Он будто съежился, поник головой. Его бескровные губы прошептали:
- Всё, теперь им каюк.
   В вечерней новостной телесводке прозвучало сообщение о схватке двух криминальных бригад на берегу Ироши. Мелькали кадры срывающихся с места труповозок. Среди убитых обнародовали  имя Паши Непременного, сына Ивана. Бледная, обескровленными губами, я сразу положили под язык два камушка нитроглицерина. Я не знала, что мне теперь делать. Вадим оказался настоящим душегубом.
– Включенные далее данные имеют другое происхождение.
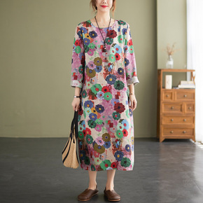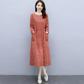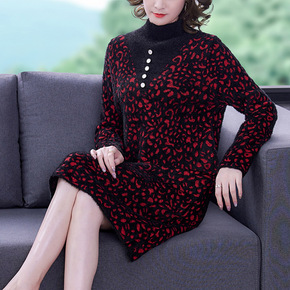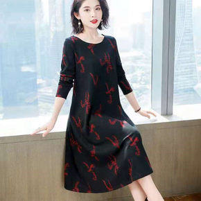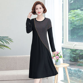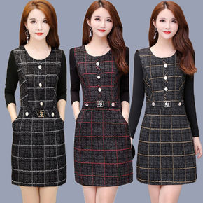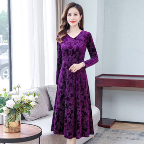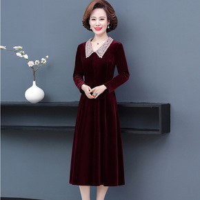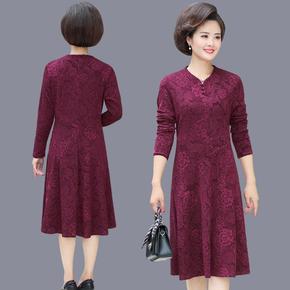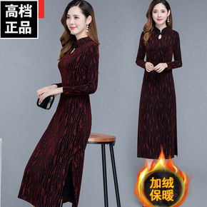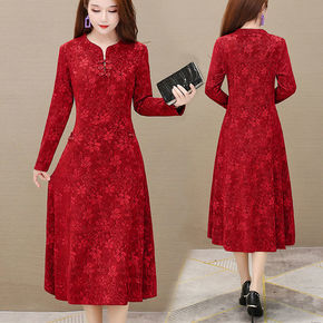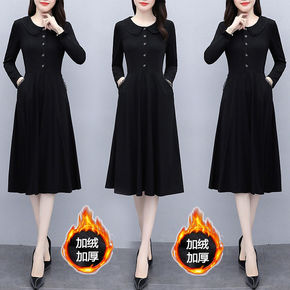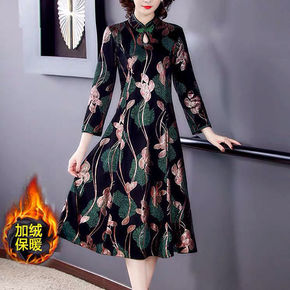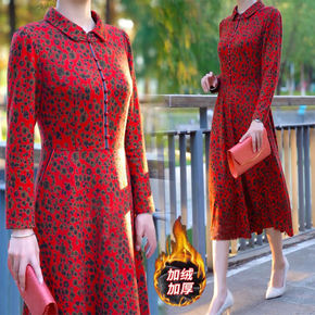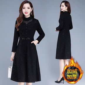 加绒不加绒连衣裙中年女长袖秋冬季新款妈妈装大码中长...
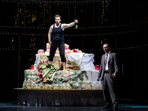 Marriage is an anathema to Don Giovanni, hence his treatment of the two fiancées, Zerlina and Donna Anna, betrothed to his good friend Don Ottavio. That it is a sacrament he is more than willing to desecrate, is lavishly illustrated in Hansan’s design. A stage-filling wedding cake is wheeled in for the feast, ostensibly for the forthcoming marriage of the partygoers. Giovanni uses it as the podium for his “Champagne Aria”, fin ch’han dal vino, before preparing to add a dozen more women to his catalogue. We later see the cake, a squigged mess, with a debauched and drunken Giovanni sitting in it, bottle in hand.

                3.  Немного интима

  Ян  только что вернулся из командировки в Средне -Печорский район.  Предстояло подготовить экономический обзор лесной и лесоперерабатывающей отраслей региона. Шеф намекнул, мол, есть точные сведения о западноевропейской компании, полной желаний  вложить  инвестиции и стать соучредителями некоторых хозяйств, занимающихся  как заготовкой, так и переработкой древесины. Так что ему, Стругу, и карты в руки: подать на страницах газеты  деятельность леспромхозов в наилучшем свете. Выбрал тройку передовых, в первую очередь погостил в Борском леспромхозе, где бывал много раз и знал историю жизни многих заготовителей древесины. А ещё ему непременно хотелось повидаться с Ирадой   Нездешней. Он приметил её с первых командировок  в  этот большой рабочий посёлок. Как всегда, собирая в блокнот  факты о деятельности предприятия, нашёл время заглянуть в среднюю школу. Знал: непременно найдёт там добрую информацию в колонку новостей. Несколько инициативных учителей вкладывали душу в  то, чтобы побудить школяров к  развитию заложенных в них талантов. Действовали интересные кружки художественной самодеятельности, по интересам, даже астрономический, а вела его учитель физики Ирада Нездешняя. Как Данилу памятна самая первая с ней встреча.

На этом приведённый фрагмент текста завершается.